▶ _EXERCISE GOAL_
Set down, word for word, only the lines from the start of the records through the line bearing "Solicitudes: Se facilitarán, presentarán"; include no pictures.

▶ _SUPPLIED INFORMATION_
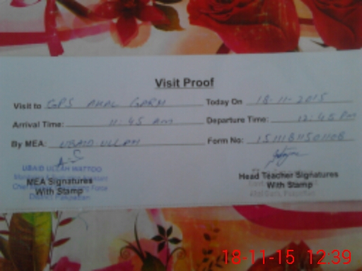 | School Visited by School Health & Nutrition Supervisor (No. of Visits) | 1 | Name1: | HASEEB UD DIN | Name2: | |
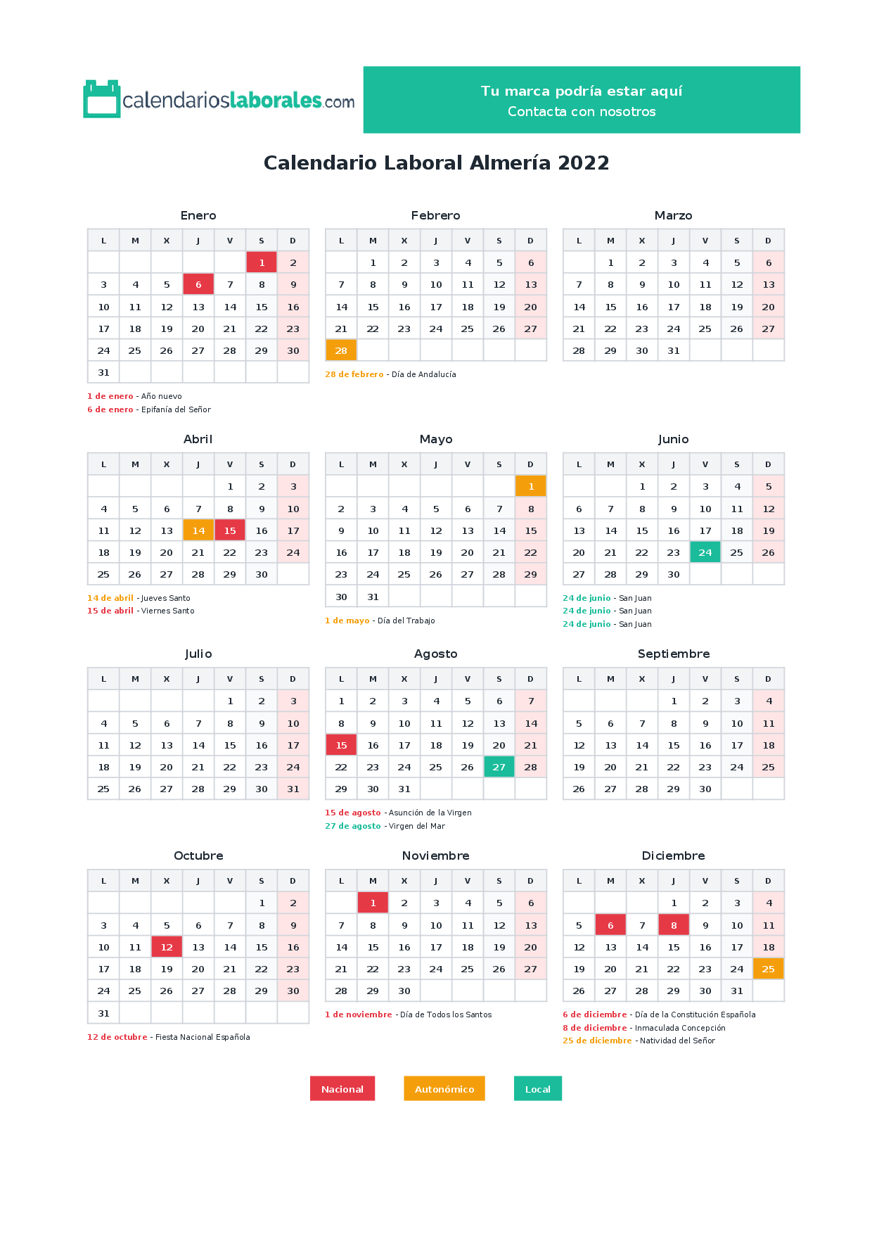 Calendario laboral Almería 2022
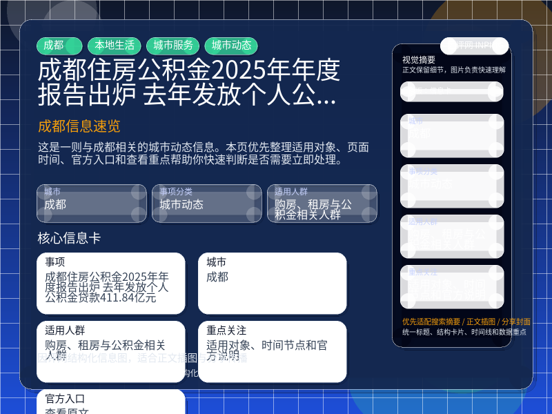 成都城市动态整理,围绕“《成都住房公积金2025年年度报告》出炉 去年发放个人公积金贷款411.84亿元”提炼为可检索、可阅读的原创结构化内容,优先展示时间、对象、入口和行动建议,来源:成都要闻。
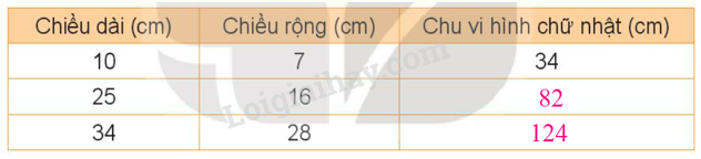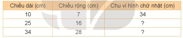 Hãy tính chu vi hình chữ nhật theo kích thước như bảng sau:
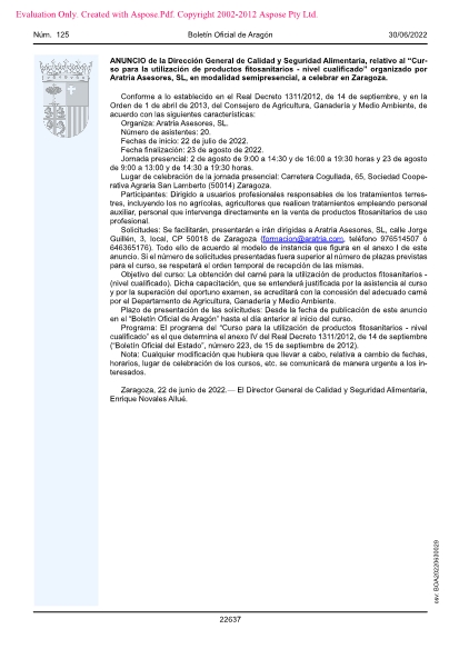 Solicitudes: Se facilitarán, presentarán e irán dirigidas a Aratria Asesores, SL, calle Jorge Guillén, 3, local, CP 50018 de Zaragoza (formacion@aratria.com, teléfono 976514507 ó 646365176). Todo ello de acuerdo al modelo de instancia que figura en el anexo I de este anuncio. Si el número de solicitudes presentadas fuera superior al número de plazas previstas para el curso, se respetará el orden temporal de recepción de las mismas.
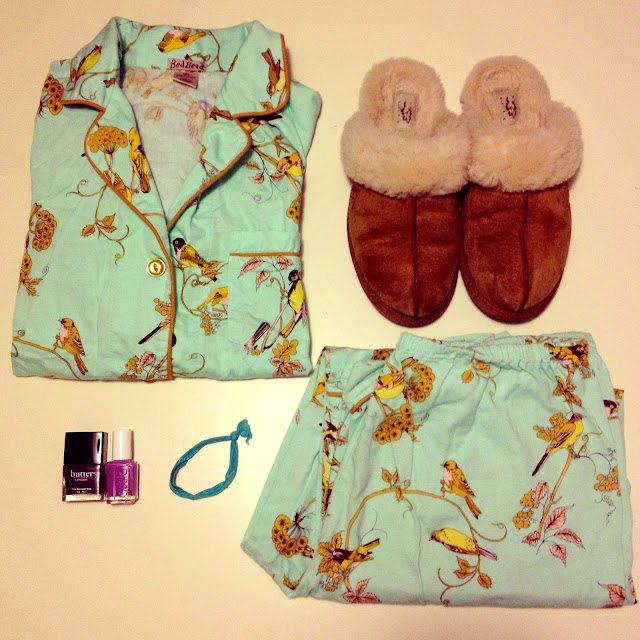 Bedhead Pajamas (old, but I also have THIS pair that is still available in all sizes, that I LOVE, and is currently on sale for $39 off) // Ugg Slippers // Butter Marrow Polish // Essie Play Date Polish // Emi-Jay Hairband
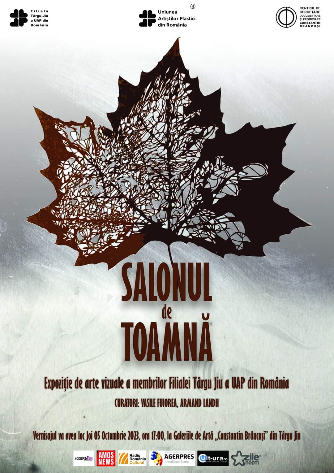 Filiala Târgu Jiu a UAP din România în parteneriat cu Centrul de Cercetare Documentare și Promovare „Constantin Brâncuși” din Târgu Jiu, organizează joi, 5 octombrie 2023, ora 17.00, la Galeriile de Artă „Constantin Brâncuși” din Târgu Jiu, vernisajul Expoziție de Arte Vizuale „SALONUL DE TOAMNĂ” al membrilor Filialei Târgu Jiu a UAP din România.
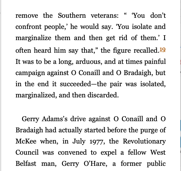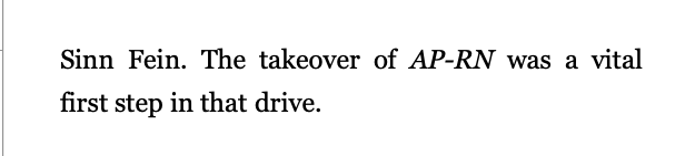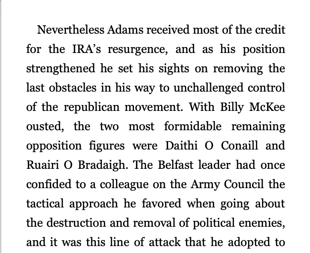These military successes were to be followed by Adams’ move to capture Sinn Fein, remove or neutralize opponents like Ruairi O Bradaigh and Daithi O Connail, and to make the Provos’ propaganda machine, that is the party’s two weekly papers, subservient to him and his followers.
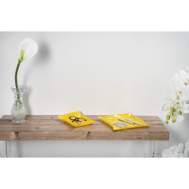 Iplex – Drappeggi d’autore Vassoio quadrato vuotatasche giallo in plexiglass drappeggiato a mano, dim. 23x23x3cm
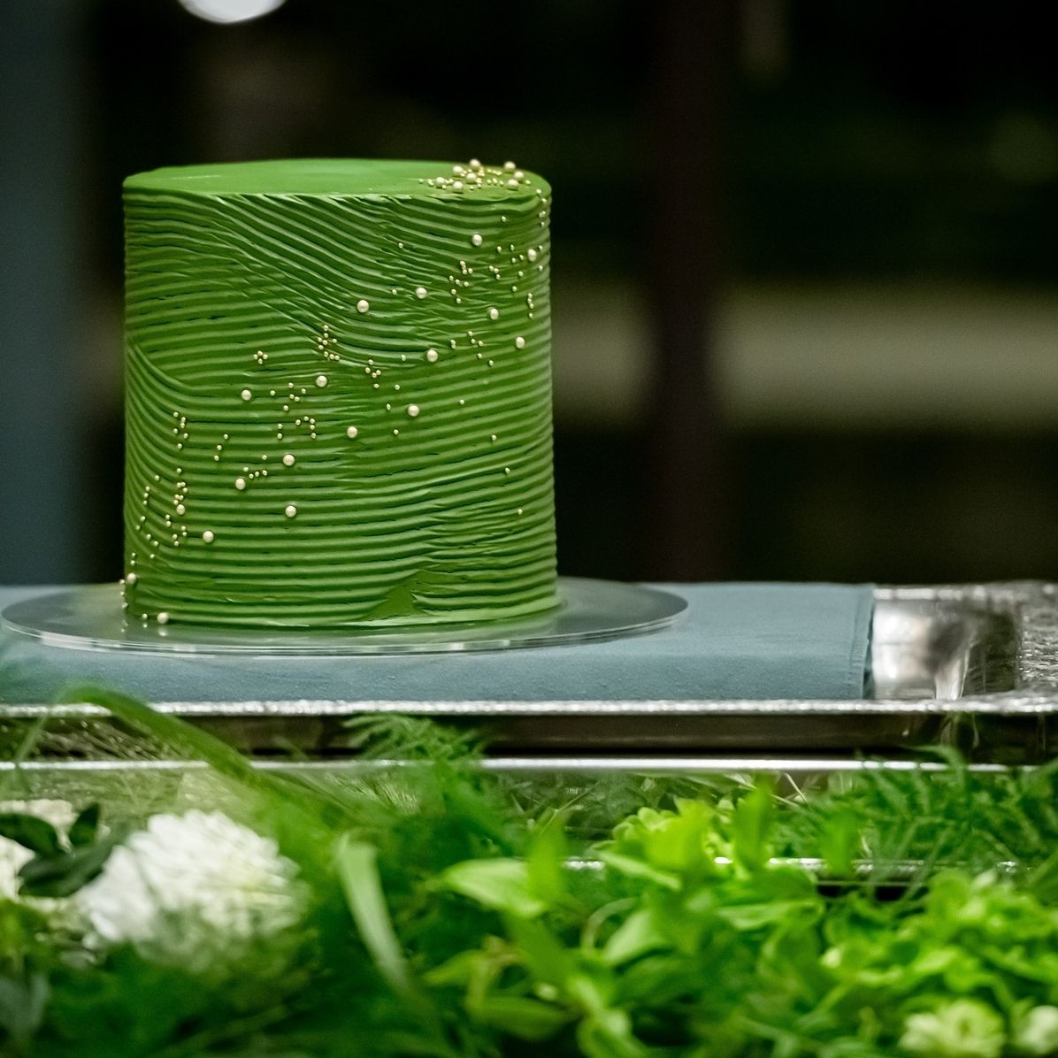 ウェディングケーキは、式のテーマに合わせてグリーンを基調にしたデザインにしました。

▶ _SOLUTION TO THIS EXERCISE_
 | School Visited by School Health & Nutrition Supervisor (No. of Visits) | 1 | Name1: | HASEEB UD DIN | Name2: | |
 Calendario laboral Almería 2022
 成都城市动态整理,围绕“《成都住房公积金2025年年度报告》出炉 去年发放个人公积金贷款411.84亿元”提炼为可检索、可阅读的原创结构化内容,优先展示时间、对象、入口和行动建议,来源:成都要闻。
 Hãy tính chu vi hình chữ nhật theo kích thước như bảng sau:
 Solicitudes: Se facilitarán, presentarán e irán dirigidas a Aratria Asesores, SL, calle Jorge Guillén, 3, local, CP 50018 de Zaragoza (formacion@aratria.com, teléfono 976514507 ó 646365176). Todo ello de acuerdo al modelo de instancia que figura en el anexo I de este anuncio. Si el número de solicitudes presentadas fuera superior al número de plazas previstas para el curso, se respetará el orden temporal de recepción de las mismas.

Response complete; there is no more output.